2009 Marcillac Lo Sang del Pais, Domaine du Cros
Lithe red fruit that keeps delivering the goods. Graphite and slate on the nose, delicate red fruits with fugitive notes of paprika and fennel, cool acidity with condensed iron filing minerality to round off.

2009 Gamay d’Auvergne, Domaine Maupertuis
Slightly cloudy with an aroma of barnyard when it is first opened. This dissipates quickly, but leaves behind a topsoil smell that remains to accompany the raspberry notes. Sour cherry and pomegranate seed flavours are accompanied with earthiness too. This is a Gamay as nature intended, organic, unfiltered and unsulphured, as prickly as a hedgehog with ants in his pants, a dark pickled damson strut across the tongue, and you should drink it with alacrity from a pot lyonnais with some tripoux or ”Truffade” a baked mixture of sliced potatoes and Tome de Cantal.

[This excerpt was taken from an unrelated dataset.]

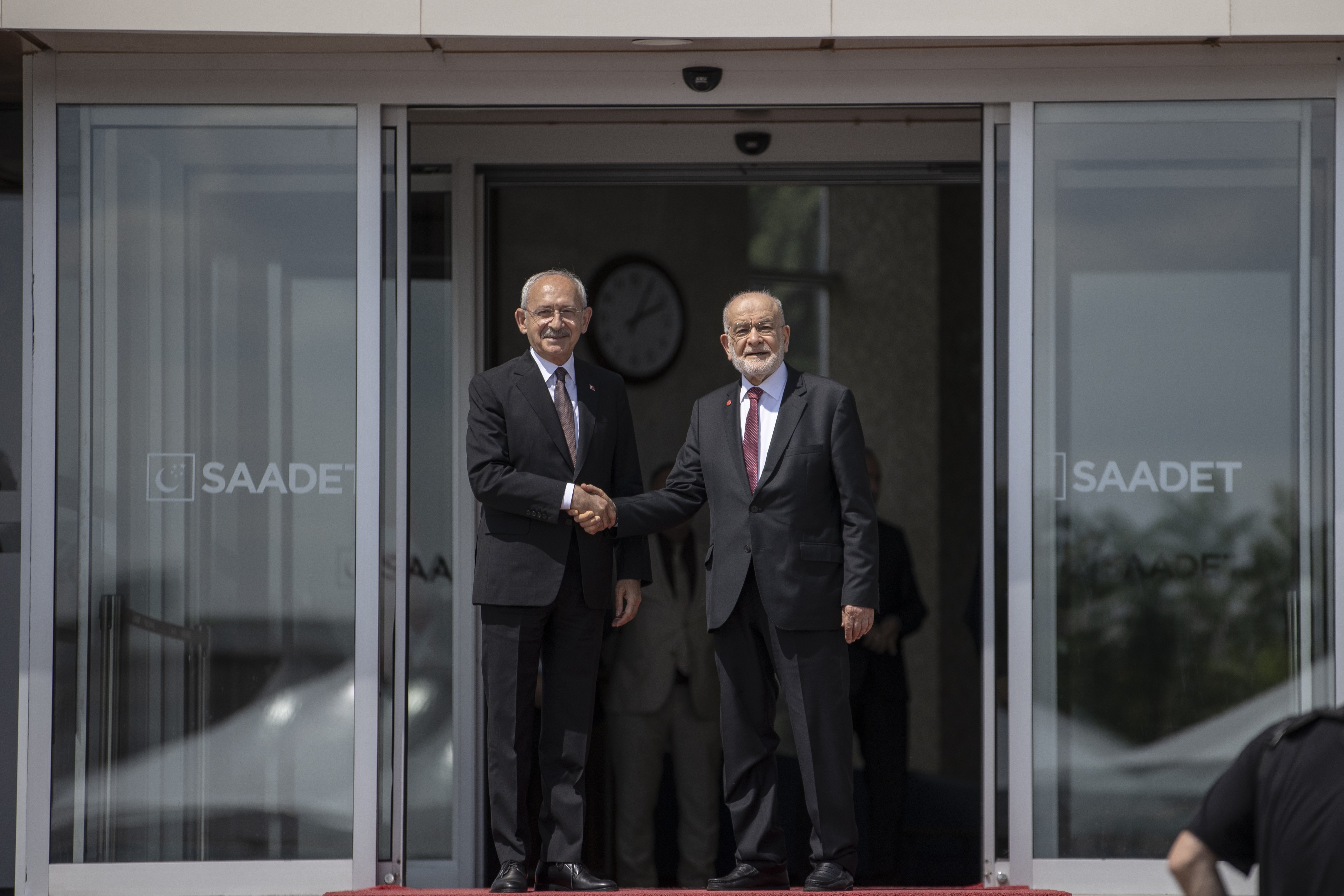 Karamollaoğlu, "Liderler Buluşması"na ayrı ayrı gelen CHP Genel Başkanı Kemal Kılıçdaroğlu, İYİ Parti Genel Başkanı Meral Akşener, Demokrat Parti Genel Başkanı Gültekin Uysal, DEVA Partisi Genel Başkanı Ali Babacan ve Gelecek Partisi Genel Başkanı Ahmet Davutoğlu'nu Saadet Partisi Genel Merkezi'nin girişinde karşılayarak kameralara poz verdi.

2008 Raboso Marca Trevigiana, Gatti Lorenzo
The gum-tingling Raboso is fermented on the skins for at least 10 days with frequent manual remuage in cement tank with indigenous yeasts and without temperature control. After a gentle pressing the wine stays tanks before being bottled without clarification or filtration. The wine weighs in at a slimline 11% and is enormous fun to drink.